Start of Block
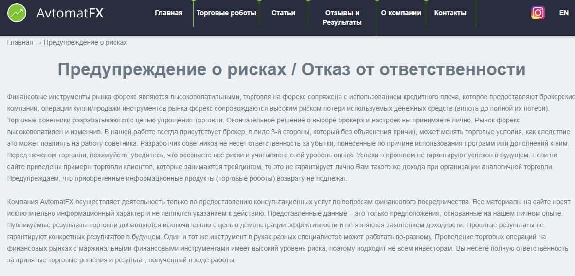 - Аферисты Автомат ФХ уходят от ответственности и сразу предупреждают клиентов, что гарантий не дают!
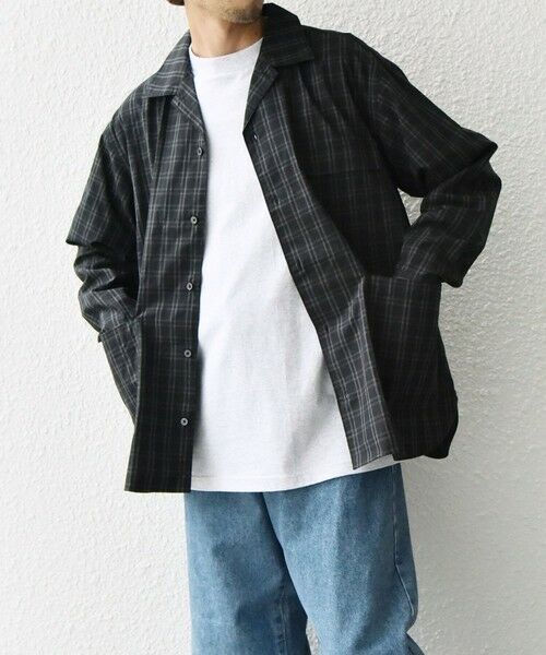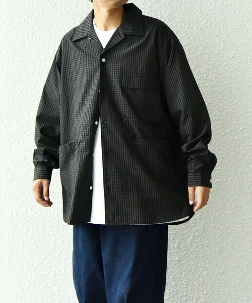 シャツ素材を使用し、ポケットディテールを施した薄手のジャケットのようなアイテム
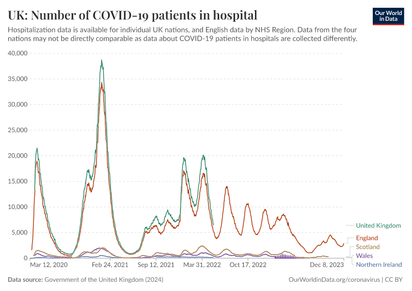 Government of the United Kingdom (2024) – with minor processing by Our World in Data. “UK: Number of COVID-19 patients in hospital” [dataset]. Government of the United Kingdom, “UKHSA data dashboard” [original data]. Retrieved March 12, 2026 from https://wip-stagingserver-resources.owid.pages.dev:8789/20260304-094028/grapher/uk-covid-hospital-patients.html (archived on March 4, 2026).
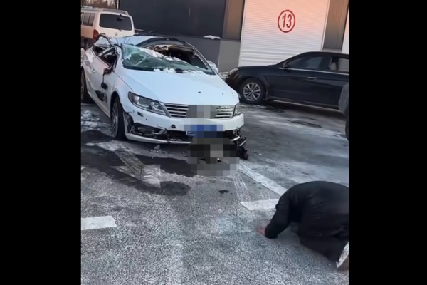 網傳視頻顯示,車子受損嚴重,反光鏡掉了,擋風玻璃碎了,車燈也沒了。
End of Block
Start of Block
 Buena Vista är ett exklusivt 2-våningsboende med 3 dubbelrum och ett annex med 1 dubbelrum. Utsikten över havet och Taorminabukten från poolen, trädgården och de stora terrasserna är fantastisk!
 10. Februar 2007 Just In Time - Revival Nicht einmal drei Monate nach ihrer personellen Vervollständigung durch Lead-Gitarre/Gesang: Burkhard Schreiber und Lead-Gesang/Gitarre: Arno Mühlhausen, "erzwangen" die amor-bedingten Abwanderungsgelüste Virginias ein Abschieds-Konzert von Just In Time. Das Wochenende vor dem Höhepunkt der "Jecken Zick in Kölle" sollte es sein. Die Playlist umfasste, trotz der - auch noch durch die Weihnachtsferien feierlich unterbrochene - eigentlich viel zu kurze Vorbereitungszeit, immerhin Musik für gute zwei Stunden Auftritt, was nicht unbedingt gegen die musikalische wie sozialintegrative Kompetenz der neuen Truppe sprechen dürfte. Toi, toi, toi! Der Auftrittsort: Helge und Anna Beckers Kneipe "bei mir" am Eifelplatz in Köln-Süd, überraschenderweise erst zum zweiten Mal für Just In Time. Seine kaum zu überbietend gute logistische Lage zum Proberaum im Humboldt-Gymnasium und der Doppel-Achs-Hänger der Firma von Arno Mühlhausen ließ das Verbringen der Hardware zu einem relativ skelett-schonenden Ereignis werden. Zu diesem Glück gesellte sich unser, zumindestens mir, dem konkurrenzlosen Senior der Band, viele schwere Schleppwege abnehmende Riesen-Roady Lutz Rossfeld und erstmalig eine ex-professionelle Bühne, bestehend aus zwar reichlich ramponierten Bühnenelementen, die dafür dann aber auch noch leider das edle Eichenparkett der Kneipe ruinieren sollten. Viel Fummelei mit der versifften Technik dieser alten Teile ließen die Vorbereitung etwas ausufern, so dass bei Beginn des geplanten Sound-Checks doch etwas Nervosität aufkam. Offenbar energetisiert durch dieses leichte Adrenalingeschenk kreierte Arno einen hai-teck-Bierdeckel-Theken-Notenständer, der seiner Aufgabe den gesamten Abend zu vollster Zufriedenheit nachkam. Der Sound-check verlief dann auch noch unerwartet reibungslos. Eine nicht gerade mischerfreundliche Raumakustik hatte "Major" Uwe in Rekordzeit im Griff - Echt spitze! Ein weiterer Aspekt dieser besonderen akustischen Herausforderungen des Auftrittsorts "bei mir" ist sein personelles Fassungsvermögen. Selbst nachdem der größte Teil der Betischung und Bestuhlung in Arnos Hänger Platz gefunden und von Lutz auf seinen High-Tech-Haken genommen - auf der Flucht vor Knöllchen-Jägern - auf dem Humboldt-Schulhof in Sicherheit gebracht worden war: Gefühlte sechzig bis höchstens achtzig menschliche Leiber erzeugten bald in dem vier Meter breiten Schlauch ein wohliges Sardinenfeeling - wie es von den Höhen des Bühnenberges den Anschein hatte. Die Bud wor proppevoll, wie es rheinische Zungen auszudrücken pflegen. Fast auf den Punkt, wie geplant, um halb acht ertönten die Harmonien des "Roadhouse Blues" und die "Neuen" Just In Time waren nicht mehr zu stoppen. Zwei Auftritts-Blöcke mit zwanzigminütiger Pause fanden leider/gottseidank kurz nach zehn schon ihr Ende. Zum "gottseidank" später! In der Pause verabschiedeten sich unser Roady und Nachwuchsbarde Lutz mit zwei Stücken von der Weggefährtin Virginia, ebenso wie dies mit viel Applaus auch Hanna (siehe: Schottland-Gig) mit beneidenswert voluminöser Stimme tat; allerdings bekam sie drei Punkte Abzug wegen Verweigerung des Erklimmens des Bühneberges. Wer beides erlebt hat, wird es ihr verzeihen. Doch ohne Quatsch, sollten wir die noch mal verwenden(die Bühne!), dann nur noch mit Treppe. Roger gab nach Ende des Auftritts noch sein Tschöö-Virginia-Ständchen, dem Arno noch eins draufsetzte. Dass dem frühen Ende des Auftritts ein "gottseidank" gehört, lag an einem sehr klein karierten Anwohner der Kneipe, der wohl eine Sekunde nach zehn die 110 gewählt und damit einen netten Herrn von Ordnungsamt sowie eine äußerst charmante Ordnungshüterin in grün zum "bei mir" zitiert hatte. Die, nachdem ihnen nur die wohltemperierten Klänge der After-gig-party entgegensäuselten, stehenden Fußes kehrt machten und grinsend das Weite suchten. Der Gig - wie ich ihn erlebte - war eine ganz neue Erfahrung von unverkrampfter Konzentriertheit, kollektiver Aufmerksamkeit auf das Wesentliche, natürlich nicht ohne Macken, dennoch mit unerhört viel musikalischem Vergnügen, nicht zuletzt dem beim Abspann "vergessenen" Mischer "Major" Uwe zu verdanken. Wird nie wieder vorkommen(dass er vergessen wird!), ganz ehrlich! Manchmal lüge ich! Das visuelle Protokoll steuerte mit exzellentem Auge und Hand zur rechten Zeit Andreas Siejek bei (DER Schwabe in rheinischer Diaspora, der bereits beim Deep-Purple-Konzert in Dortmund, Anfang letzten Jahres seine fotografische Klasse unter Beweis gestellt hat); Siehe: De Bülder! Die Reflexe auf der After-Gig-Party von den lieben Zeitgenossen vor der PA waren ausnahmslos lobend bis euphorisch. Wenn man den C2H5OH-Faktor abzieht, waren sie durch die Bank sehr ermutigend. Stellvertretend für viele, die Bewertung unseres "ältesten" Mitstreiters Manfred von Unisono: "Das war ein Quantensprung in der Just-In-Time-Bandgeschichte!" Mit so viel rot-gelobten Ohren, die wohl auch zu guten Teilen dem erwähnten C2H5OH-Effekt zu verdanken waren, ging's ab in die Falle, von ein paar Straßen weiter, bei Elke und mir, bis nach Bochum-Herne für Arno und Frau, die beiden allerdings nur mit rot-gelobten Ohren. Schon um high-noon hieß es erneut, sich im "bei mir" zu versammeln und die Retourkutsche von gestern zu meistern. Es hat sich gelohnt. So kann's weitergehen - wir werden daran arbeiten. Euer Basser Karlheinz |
End of Block
• _Task to complete_: For this exercise, reproduce exactly the lines of the records above from the one with "- Аферисты Автомат" up to and including the one with "網傳視頻顯示,車子受損嚴重,反光鏡掉了,擋風玻璃碎了,車燈也沒了。", without pictures.

• _Solution to this exercise_:
 - Аферисты Автомат ФХ уходят от ответственности и сразу предупреждают клиентов, что гарантий не дают!
 シャツ素材を使用し、ポケットディテールを施した薄手のジャケットのようなアイテム
 Government of the United Kingdom (2024) – with minor processing by Our World in Data. “UK: Number of COVID-19 patients in hospital” [dataset]. Government of the United Kingdom, “UKHSA data dashboard” [original data]. Retrieved March 12, 2026 from https://wip-stagingserver-resources.owid.pages.dev:8789/20260304-094028/grapher/uk-covid-hospital-patients.html (archived on March 4, 2026).
 網傳視頻顯示,車子受損嚴重,反光鏡掉了,擋風玻璃碎了,車燈也沒了。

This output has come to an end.